TASK DETAILS: What you should copy is the line containing "People of Miao ethnic group in" and all lines after it in the entries below, exactly and without anything added.

EXCERPTED DATA:
▼▼▼
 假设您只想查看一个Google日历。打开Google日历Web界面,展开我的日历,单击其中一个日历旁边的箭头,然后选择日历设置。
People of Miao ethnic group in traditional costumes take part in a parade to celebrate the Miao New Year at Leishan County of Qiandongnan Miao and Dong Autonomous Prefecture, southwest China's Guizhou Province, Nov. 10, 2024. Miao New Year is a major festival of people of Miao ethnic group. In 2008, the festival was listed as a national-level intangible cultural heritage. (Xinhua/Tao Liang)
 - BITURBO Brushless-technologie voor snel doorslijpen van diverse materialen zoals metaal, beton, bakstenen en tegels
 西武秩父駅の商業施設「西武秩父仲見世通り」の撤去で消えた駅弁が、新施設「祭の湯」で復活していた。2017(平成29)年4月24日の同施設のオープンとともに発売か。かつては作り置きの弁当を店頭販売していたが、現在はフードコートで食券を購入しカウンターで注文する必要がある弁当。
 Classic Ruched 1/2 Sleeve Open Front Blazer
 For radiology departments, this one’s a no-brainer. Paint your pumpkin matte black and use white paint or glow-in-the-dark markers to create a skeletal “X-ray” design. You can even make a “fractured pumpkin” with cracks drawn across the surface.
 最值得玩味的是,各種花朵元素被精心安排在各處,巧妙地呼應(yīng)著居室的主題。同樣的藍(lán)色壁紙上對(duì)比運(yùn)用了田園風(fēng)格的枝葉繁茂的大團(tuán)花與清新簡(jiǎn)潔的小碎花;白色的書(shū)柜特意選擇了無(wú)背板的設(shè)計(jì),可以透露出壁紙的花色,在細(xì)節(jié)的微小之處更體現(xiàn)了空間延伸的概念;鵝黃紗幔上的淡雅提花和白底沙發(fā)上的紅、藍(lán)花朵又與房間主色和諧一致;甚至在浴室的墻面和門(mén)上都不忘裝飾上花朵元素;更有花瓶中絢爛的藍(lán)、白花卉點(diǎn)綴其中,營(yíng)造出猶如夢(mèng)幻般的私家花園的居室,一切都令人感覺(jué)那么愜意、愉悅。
▲▲▲
SOLUTION:
People of Miao ethnic group in traditional costumes take part in a parade to celebrate the Miao New Year at Leishan County of Qiandongnan Miao and Dong Autonomous Prefecture, southwest China's Guizhou Province, Nov. 10, 2024. Miao New Year is a major festival of people of Miao ethnic group. In 2008, the festival was listed as a national-level intangible cultural heritage. (Xinhua/Tao Liang)
 - BITURBO Brushless-technologie voor snel doorslijpen van diverse materialen zoals metaal, beton, bakstenen en tegels
 西武秩父駅の商業施設「西武秩父仲見世通り」の撤去で消えた駅弁が、新施設「祭の湯」で復活していた。2017(平成29)年4月24日の同施設のオープンとともに発売か。かつては作り置きの弁当を店頭販売していたが、現在はフードコートで食券を購入しカウンターで注文する必要がある弁当。
 Classic Ruched 1/2 Sleeve Open Front Blazer
 For radiology departments, this one’s a no-brainer. Paint your pumpkin matte black and use white paint or glow-in-the-dark markers to create a skeletal “X-ray” design. You can even make a “fractured pumpkin” with cracks drawn across the surface.
 最值得玩味的是,各種花朵元素被精心安排在各處,巧妙地呼應(yīng)著居室的主題。同樣的藍(lán)色壁紙上對(duì)比運(yùn)用了田園風(fēng)格的枝葉繁茂的大團(tuán)花與清新簡(jiǎn)潔的小碎花;白色的書(shū)柜特意選擇了無(wú)背板的設(shè)計(jì),可以透露出壁紙的花色,在細(xì)節(jié)的微小之處更體現(xiàn)了空間延伸的概念;鵝黃紗幔上的淡雅提花和白底沙發(fā)上的紅、藍(lán)花朵又與房間主色和諧一致;甚至在浴室的墻面和門(mén)上都不忘裝飾上花朵元素;更有花瓶中絢爛的藍(lán)、白花卉點(diǎn)綴其中,營(yíng)造出猶如夢(mèng)幻般的私家花園的居室,一切都令人感覺(jué)那么愜意、愉悅。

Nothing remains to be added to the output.